Он горячечно размышлял. Господи, нужно найти какой-то повод, в противном случае, его намерения будут слишком очевидными.

– Может в пятницу? – предложил он. – У меня будет для тебя обвинительный акт, – последнее предложение было настолько глупым, что если бы у стыда была температура, Шацкий наверняка бы сгорел. Ну, и какие еще есть у тебя хорошие идеи, Теодор? – спросил он сам себя. Может, свидание в морге?

– Ах, конечно же, обвинительный акт, – теперь у него уже не могло быть сомнений в том, что она об этом думает. – В шесть вечера, в «Шпильке»? Это неподалеку от твоей конторы. – Слово «контора» она произнесла таким образом, словно ее собеседник был чиновником самого малого ранга провинциальной почты.

– Замечательная идея, – сказал он, одновременно думая о том, что следовало бы позвонить в банк и проверить состояние счета. Читает ли Вероника сообщения? Сам он не помнил.

– Тогда до свидания в пятницу, – мимолетно заметила она.

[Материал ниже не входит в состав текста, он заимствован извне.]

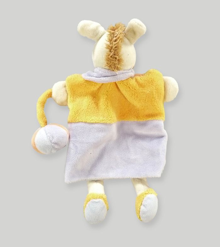 Doudou âne marionnette velours jaune bleu Graines de doudou Doudou et Compagnie 29 cm - photo numéro 4

– Па, – ответил он, сразу же считая, будто бы из всех глупостей данной беседы именно это конечное «па» заслуживет золотой медали.

Шацкий положил трубку на аппарат и снял пиджак: он трясся и вспотел словно швед на каникулах в Тунисе. Одним махом выдул два стакана минеральной воды и подумал, что, слава Богу, еще раньше накатал этот чертов план следствия, потому что теперь никак не смог усидеть на месте. Он уже поднялся с намерением отправиться в продовольственный магазин возле книжного на Аллеях за колой, когда зазвонил телефон. Теодор замер при мысли, что это может быть моника, и трубку снял только после третьего звонка.

Кузнецов.

Полицейский рассказал ему о результатах допросов в «Полграфексе», фирме Теляка. А точнее – об отсутствии результатов. Приятный человек, спокойный, бесконфликтный, неплохо управляющий фирмой. Никто не жаловался, никто не говорил о нем плохо. Правда, у одного из руководящих работников выскользнуло, что вот теперь, возможно, удастся повернуть фирму на новые рельсы, но это было лишь типичной болтовней карьериста.

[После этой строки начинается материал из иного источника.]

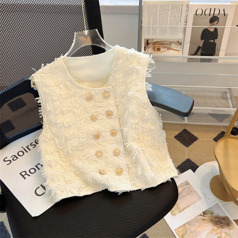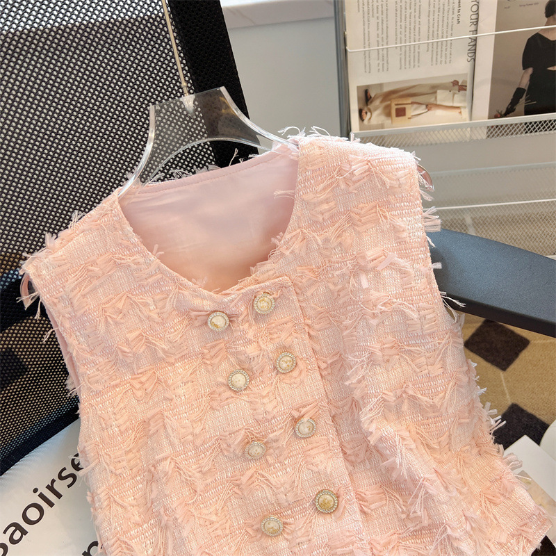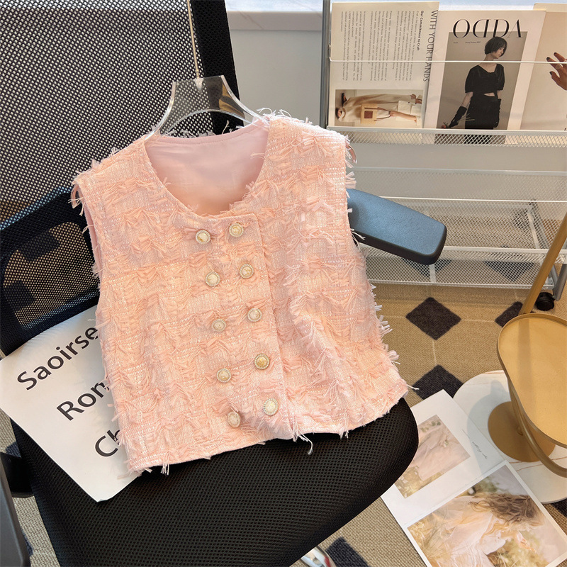 | nameOriginal | Light Pink Double-breasted Western Style Tassel Vest Vest Summer New Style Chanel Style Fashionable Slim Look Jacket Women's Top |

– Ага, и тебе обязательно необходимо допросить секретаршу, – сообщил Кузнецов.

– Зачем? У них, что, был роман? – Шацкий оставался скептичным.

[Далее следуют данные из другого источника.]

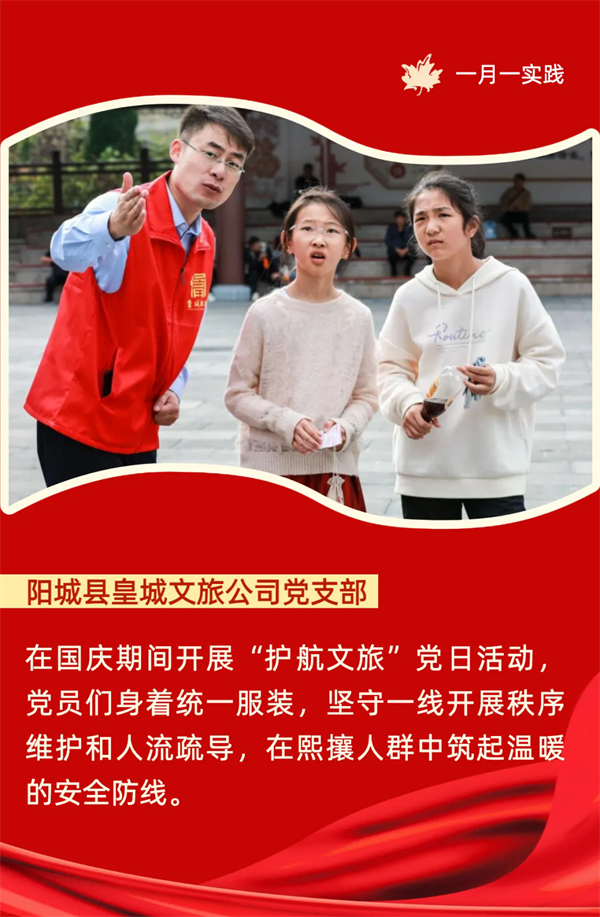 围绕国庆文旅康养活动高峰,全市356个基层党组织组织党员在景区入口、交通枢纽、游客中心等重点区域开展交通疏导、路线指引、咨询解答、应急帮扶等服务,为游客营造安全舒心的旅游环境,助力文旅产业高质量发展。

– Нет. Но жопа просто обалденная, я мог бы допрашивать ее хоть каждый день. Лучше всего: в мундире, и в той комнате для допросов во дворце Мостовских.[61]61
  Дворец Мостовских, Мостовский дворец – дворец в Варшаве, первое после войны отреставрированное здание на Банковской площади. В настоящее время дворец используется как штаб-квартира Варшавской полиции.


[Закрыть]
Ну, ты знаешь, в подвале…

– Олег, пожалей, мне уже тошно от твоих фантазий. Боюсь, что вскоре ты начнешь мне показывать снимки скованных наручниками овчарок.

– Тебе что, сложно… – возмутился полицейский. – Вызовешь к себе, посмотришь, напишешь какую-нибудь чушь в протоколе. На все про все пятнадцать минут. За «Сверчком» в эмпик сходить больше времени займет.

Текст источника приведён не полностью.